The electric field is a way of studying the effect that a charged object has on the space around it without placing test charges at a bunch of different locations as would be necessary with Coulomb's Law. The electric field also leads into discussions of electric potential, which provides a simpler scalar representation of the effect a charged object has on its surroundings.
The magnetic fields of two north poles of different magnets interact to produce field lines in iron filings. Wikimedia
Contents
Field lines
Rules for field lines
The field points in the direction a positive charge would be pushed according to Coulomb's Law: away from positive charges and toward negative ones.
The density of the field lines at a point corresponds to the strength of the field at that point.
Field lines never cross.
Field strength
In physics, the field representation of any force is defined in terms of the quality that causes an object to experience said force. The field equation can be generated with
\[\text{Field}=\dfrac{\text{Force}}{\text{Quality}}. \]
| Force | Force Equation | Quality | Field Equation |
| Gravity | \(F_{g}=G\dfrac{Mm}{r^2}\) | \(m\) | \(g=G\dfrac{M}{r^2}\) |
| Electrostatic | \(F_{e}=k\dfrac{Qq}{r^2}\) | \(q\) | \(E=k\dfrac{Q}{r^2}\) |
| Magnetic force | \(F_{b}=q \vec{v} \times \vec{B}\) | \(q\vec{v}\) | \(\vec{B}=k\dfrac{I}{2\pi r}\) |
Thus, the strength of the electric field due to point charge Q can be found with the equation:
\[\begin{align} \vec{E}&= \dfrac{kQ}{r^2}\hat{r}\\ \text{where }k&= 8.99\times 10^9 \text{Nm}^2/\text C^2\\ Q &=\text{ Charge}\\ \text{and }r &= \text{Distance from the charge to the point of investigation} \end{align}\]
Since the electric field is a vector quantity, add multiple electric fields together according to the rules of superposition.
Two charges are on the x-axis.
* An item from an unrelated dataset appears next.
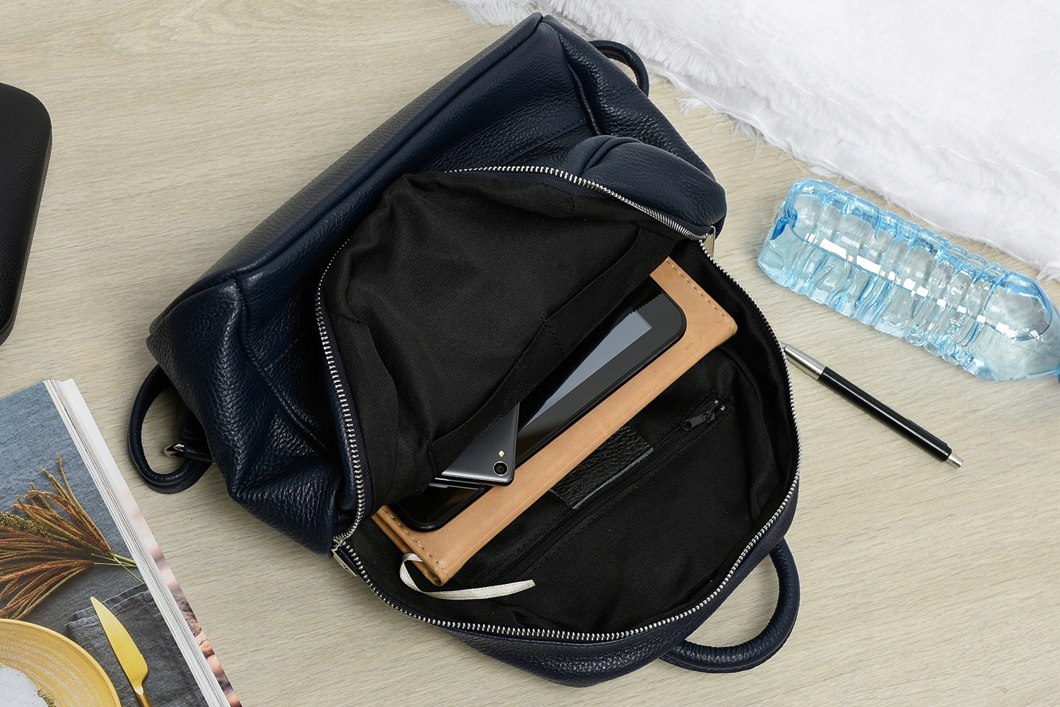 - Skórzana rączka pozwala w wygodny sposób przenosić plecak w ręce, a także zawiesić go na wieszaku lub krześle

One of them is a \(4\ce C\) charge located at \(x = 0 \ce m\). The other is a \(1\ce C\) charge located at \(x = 1 \ce m\). Find the electric field at \(x = 0.5 \ce m\).
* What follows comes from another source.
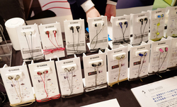 また5月中旬の発売が予定されている「charisma wireless」が参考出展された。価格は予価3,980円(税抜)。6mmネオジムドライバーとIPX2防滴仕様に加え、マグネット式イヤーパッドを採用。女性デザイナーによる女性向けにデザインされたイヤホンとのこと。これら3モデルは、ケーブルをリモコンに巻きつけて保存できるように、あらかじめ設計されていることも特徴となる。

Solution: Each charge contributes a unique electric field vector, which are combined as a vector sum.
\[\begin{align} \vec{E_{net}}&=\vec{E_{4 C}}+\vec{E_{1 C}}\\ \vec{E_{net}}&=\dfrac{kQ_{4 C}}{r^2}\hat{r}_{4 C} + \dfrac{kQ_{1 C}}{r^2}\hat{r}_{1 C} \end{align}\]
Since the electric field points away from positive charges, the electric field from the 4 C charge points in the positive x direction, while the electric field due to the 1 C charge points in the negative x direction.
\[\begin{align} \vec{E_{net}}&=\dfrac{kQ_{4 C}}{r^2}\hat{x} + \dfrac{kQ_{1 C}}{r^2}(-\hat{x})\\ &=\dfrac{k(4)}{0.5^2}\hat{x} - \dfrac{k(1)}{(1-0.5)^2}(\hat{x})\\ &=\dfrac{k(3)}{0.5^2}\hat{x}\\ \vec{E_{net}}&=1.08\times10^{11}\dfrac{N}{C}\hat{x} \end{align}\]
Two charges are on the \(x\)-axis. One of them is a \(9\text{ C}\) charge located at \(x = 0\text{ m}\). The other is a \(1\text{ C}\) charge located at \(x = 1\text{ m}\). Find the location on the \(x\)-axis where the net electric field due to these charges is \(0 \text{ N/C}\).